**Raw data**

**********

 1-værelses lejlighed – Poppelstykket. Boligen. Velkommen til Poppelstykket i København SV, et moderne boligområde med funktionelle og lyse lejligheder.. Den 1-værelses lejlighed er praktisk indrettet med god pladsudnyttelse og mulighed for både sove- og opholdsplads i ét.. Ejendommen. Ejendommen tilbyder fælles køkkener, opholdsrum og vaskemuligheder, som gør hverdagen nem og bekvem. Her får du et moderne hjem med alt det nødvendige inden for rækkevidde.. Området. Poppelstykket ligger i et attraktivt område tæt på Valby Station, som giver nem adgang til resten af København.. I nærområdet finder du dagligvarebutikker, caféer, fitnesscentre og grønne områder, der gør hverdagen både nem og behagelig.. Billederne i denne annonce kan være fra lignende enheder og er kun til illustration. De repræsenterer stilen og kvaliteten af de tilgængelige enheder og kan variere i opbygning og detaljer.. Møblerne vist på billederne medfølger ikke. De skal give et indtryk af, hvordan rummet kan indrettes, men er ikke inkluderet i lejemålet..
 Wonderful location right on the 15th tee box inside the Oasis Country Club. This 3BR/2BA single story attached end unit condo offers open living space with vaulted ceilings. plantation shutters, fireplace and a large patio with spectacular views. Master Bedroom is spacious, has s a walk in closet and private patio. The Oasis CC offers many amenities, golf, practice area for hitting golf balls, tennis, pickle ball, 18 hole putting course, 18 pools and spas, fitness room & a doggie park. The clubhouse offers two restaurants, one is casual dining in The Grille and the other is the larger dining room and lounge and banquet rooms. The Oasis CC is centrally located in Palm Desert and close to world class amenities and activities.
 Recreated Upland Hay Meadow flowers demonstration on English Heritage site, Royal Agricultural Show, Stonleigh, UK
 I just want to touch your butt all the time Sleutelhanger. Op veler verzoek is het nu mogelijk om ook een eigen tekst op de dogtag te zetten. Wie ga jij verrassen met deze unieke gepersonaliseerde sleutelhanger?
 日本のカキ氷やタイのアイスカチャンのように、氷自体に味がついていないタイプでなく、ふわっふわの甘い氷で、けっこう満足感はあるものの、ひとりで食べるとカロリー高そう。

**********

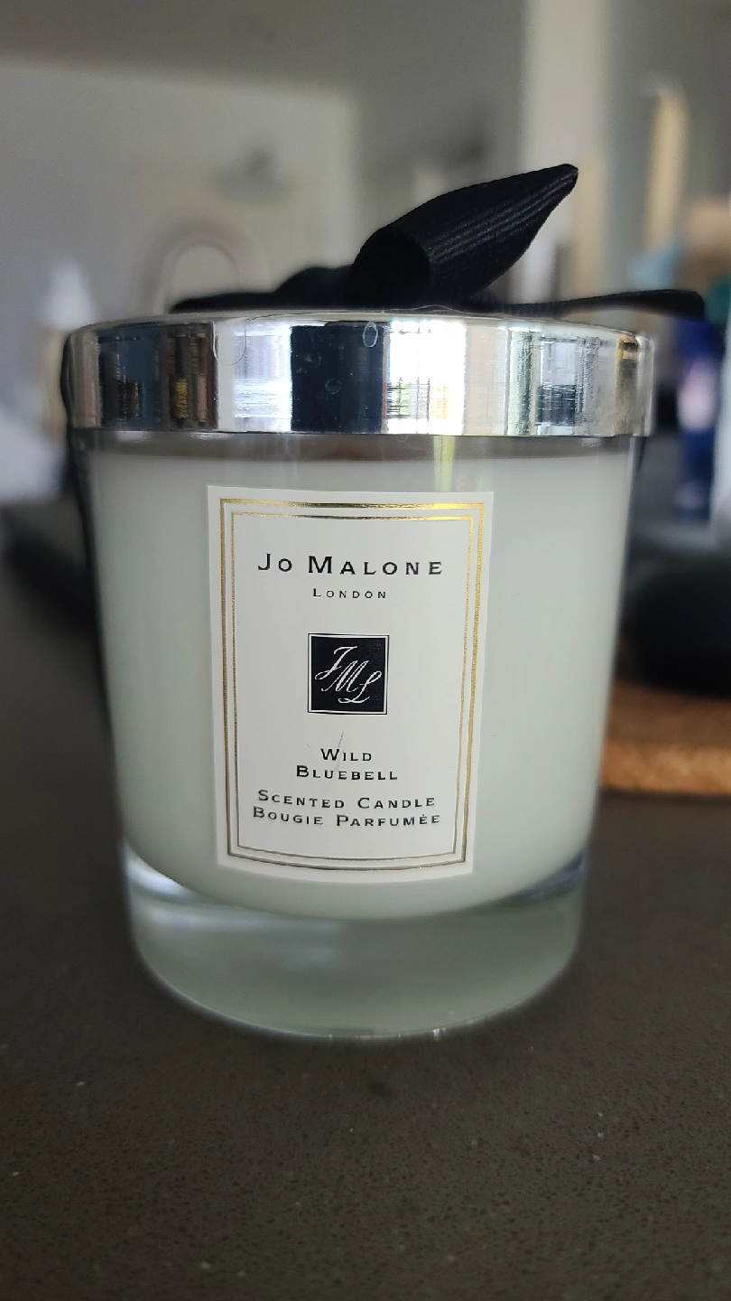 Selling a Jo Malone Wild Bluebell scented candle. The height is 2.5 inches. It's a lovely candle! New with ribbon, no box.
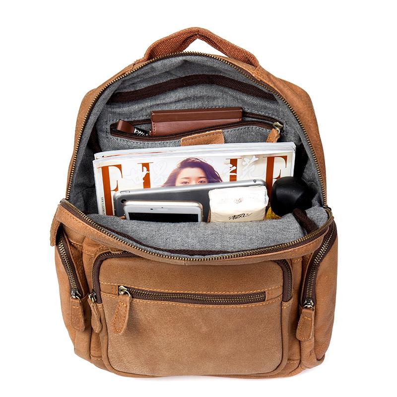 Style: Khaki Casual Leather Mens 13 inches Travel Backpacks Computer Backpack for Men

**********

Copy the entries above exactly, but only from the line holding "Recreated Upland Hay" through the line holding "日本のカキ氷やタイのアイスカ", both included.

**Exercise solution**
 Recreated Upland Hay Meadow flowers demonstration on English Heritage site, Royal Agricultural Show, Stonleigh, UK
 I just want to touch your butt all the time Sleutelhanger. Op veler verzoek is het nu mogelijk om ook een eigen tekst op de dogtag te zetten. Wie ga jij verrassen met deze unieke gepersonaliseerde sleutelhanger?
 日本のカキ氷やタイのアイスカチャンのように、氷自体に味がついていないタイプでなく、ふわっふわの甘い氷で、けっこう満足感はあるものの、ひとりで食べるとカロリー高そう。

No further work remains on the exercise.